The trampoline is a death contraption. Just look at it: spindly steel legs hold up a set of old-timey springs that tug at a thin, stretchy patch of fabric, forming an intentionally unstable surface for children to jump on, bouncing their little bodies to unnatural heights. Its elasticity promises safe landings if you come down just right, but that’s not always the case. So I get nervous watching my cousin fail a butt-to-front-flip, competing to stick the most audacious trick. At barbecues like this I stick with the adults, focusing on the smell of grilled burgers and fresh-mown grass, but when my 13-year-old brother climbs up there, I feel my chest tighten.
About 100,000 trampoline users land in the emergency room each year, and the American Academy of Pediatrics discourages trampolines at home. Even manufacturers like Skywalker Trampolines warn us: “DO NOT let more than one person inside the trampoline enclosure at the same time” and “DO NOT attempt or allow somersaults (flips).” Still, Americans buy half a million trampolines annually. They’re so prevalent in the Intermountain West, Barstool Sports once highlighted satellite images of neighborhoods along the Wasatch Front dotted with the distinctive black circles, like swimming pools in Hollywood. I can’t help wondering why.
My brother hops, warming up, but he doesn’t remember a scene from our past the way I do. I was eight years old, keeping an eye on him. He was three. The neighbors’ trampoline seemed safe until an older kid landed hard, launching my brother into the air like a ragdoll. Helpless, I watched his body arc above the fence-line and drop onto the grass, where his leg crumpled beneath him. I carried him home. Later, X-rays showed a break below his knee, close enough that we feared permanent damage. He got a cast, which I signed, and made a full recovery. That’s not the part that’s stuck in my mind.
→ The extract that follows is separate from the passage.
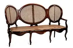 - (furniture) a canapé (older type of upholstered sofa with a back, armrests and 6-8 legs, shaped like several continuous chairs)

Ready to go, he jumps defiantly higher and higher into the air, leaving me rooted to the ground. He’s always been fearless, putting out candles with his fingers and riding down stairwells in cardboard boxes, and I’ve always felt responsible for tapping his brakes. He doesn’t think about rules or statistics as he whips himself into a crazy series of front- and back-flips, but I can’t help catching my breath. When he lands upright to a huge cheer from all the other kids, a relieved smile returns to my face. It can’t be helped. I keep my worries to myself.
Eventually, I take my turn. With each bounce, the world shrinks below me and a pit sinks into my stomach, but a giddy, weightless feeling rises in my chest and I can’t stop grinning. Each jump catapults me further into the unknown but makes me feel more alive. Maybe safety isn’t the answer. Life is precious because we die. The beauty of falling in love is that we do it knowing the heartbreak we’ll likely suffer, sooner or later. Because it’s worth doing. I know the risks. I jump anyway. High in the air, I tuck my knees to my chest, lean into the flip, and let go.